The 95% CI for the observed ICU mortality was calculated and compared to the ICU mortality predicted by the models. One-way analysis of variance was used to compare means for continuous variables across different countries, and when differences were found, Fisher’s least significant differences test was applied to compare groups. All tests were two-tailed. When multiple comparisons were made, Bonferroni’s adjustment was applied. A p value less than 0.05 was considered significant. Data are presented as mean ±SD, except where otherwise indicated.

Results

The study included 748 patients from six countries. Their mean age was 54.9±18.6 years, 63.5% were men, and ICU mortality was 21.5%. Patient characteristics in the various countries are summarized in Table 1. There were fewer than 1% missing data. Differences among countries were observed in the age of the patients and in admission diagnosis. The differences in mean admission SOFA and mean SOFA Max scores among countries are shown in Table 1. Differences in ICU mortality did not reach statistical significance.

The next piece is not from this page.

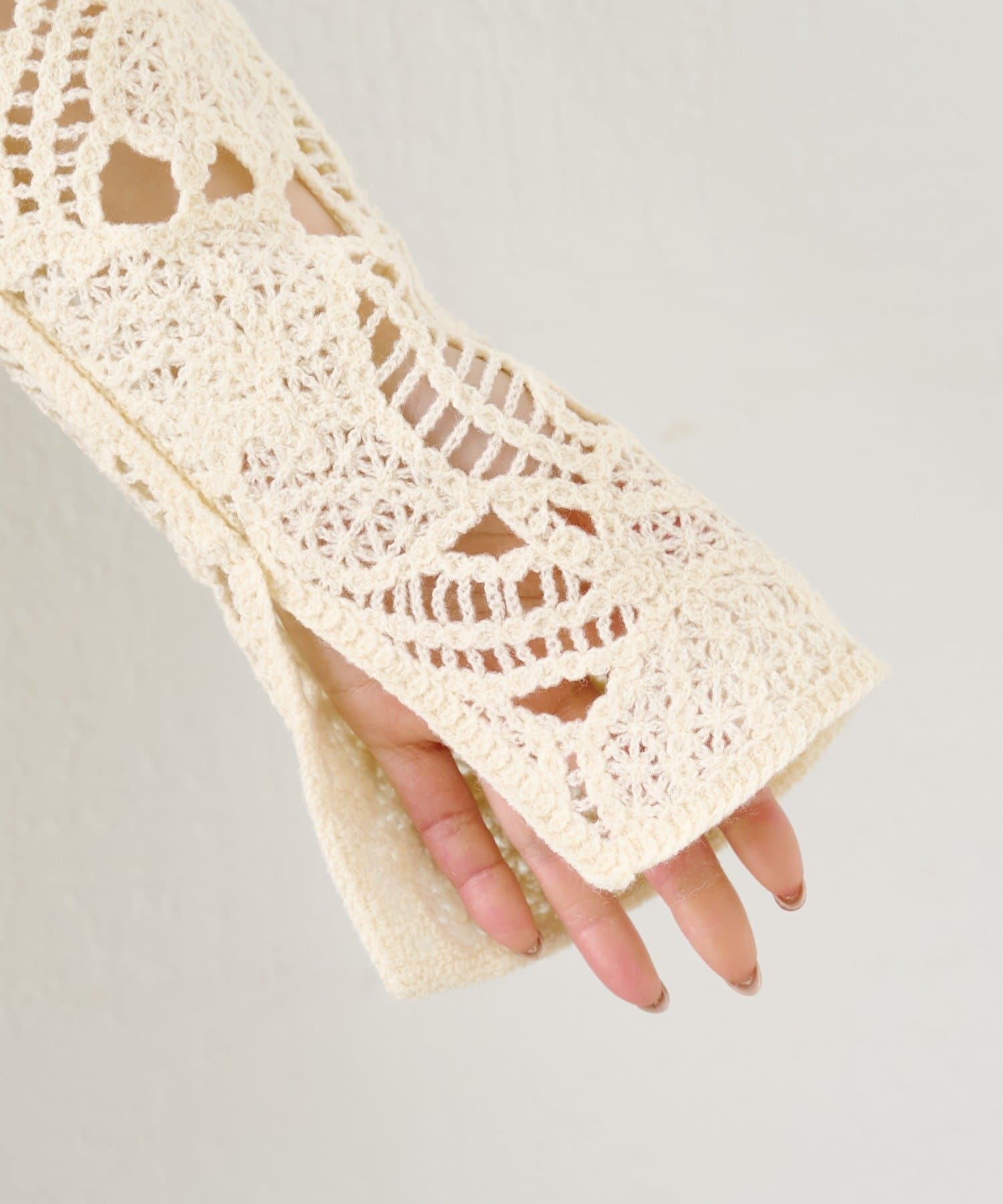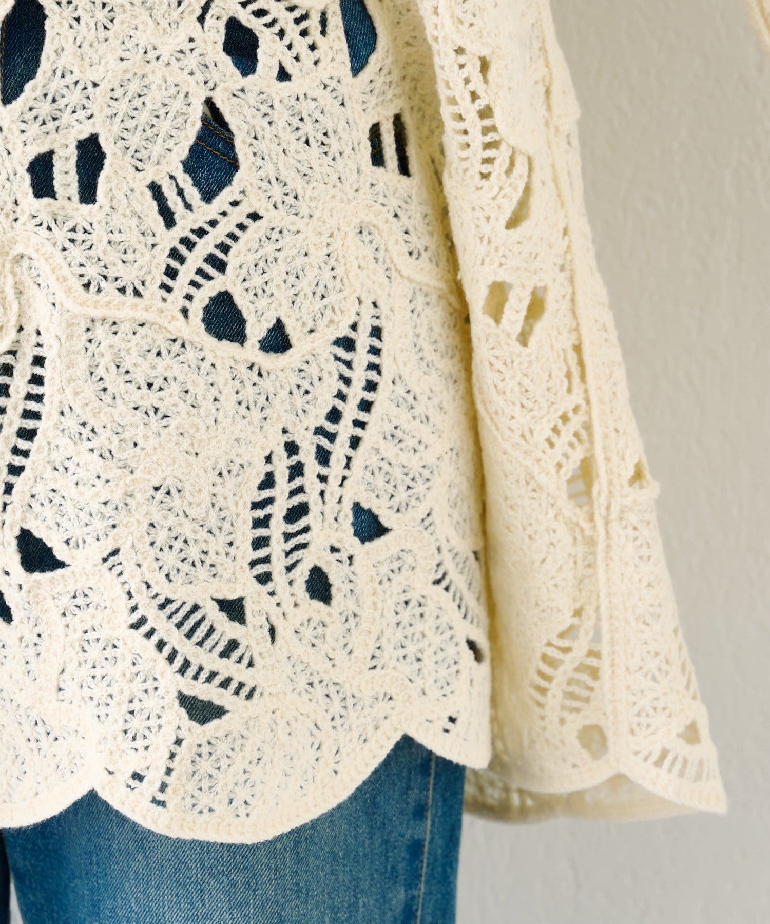 立体感のあるレース編み素材を使用。

Table 1 Patient characteristics in countries A–F

Differences between survivors and nonsurvivors were observed. Survivors were younger (age 53.3±18.9 vs. 60.7±17.0 years, p<0.0001), had a lower infection rate (27% vs. 55%, p<0.0001), lower admission SOFA (4.0±3.0 vs. 7.3±4.0, p<0.0001), lower SOFA Max (6.7±4.4 vs. 13.5±5.0, p<0.0001), lower Δ Max (2.8±2.9 vs. 6.3±3.8, p<0.0001), and lower Δ 48 h (0.0±2.4 vs. 1.3±3.4, p<0.0001). Medical admissions were more common in nonsurvivors (56 vs. 44%, p<0.01); trauma and coronary admissions were more common among survivors (14 vs. 6%, p<0.01 and 7 vs. 2%, p<0.01, respectively). After multivariate logistic regression analysis with ICU mortality as the dependent outcome the only variables that remained significantly associated with death were SOFA Max, infection, and age (Table 2). The Δ between admission SOFA and SOFA Max was not included in the model because of redundancy.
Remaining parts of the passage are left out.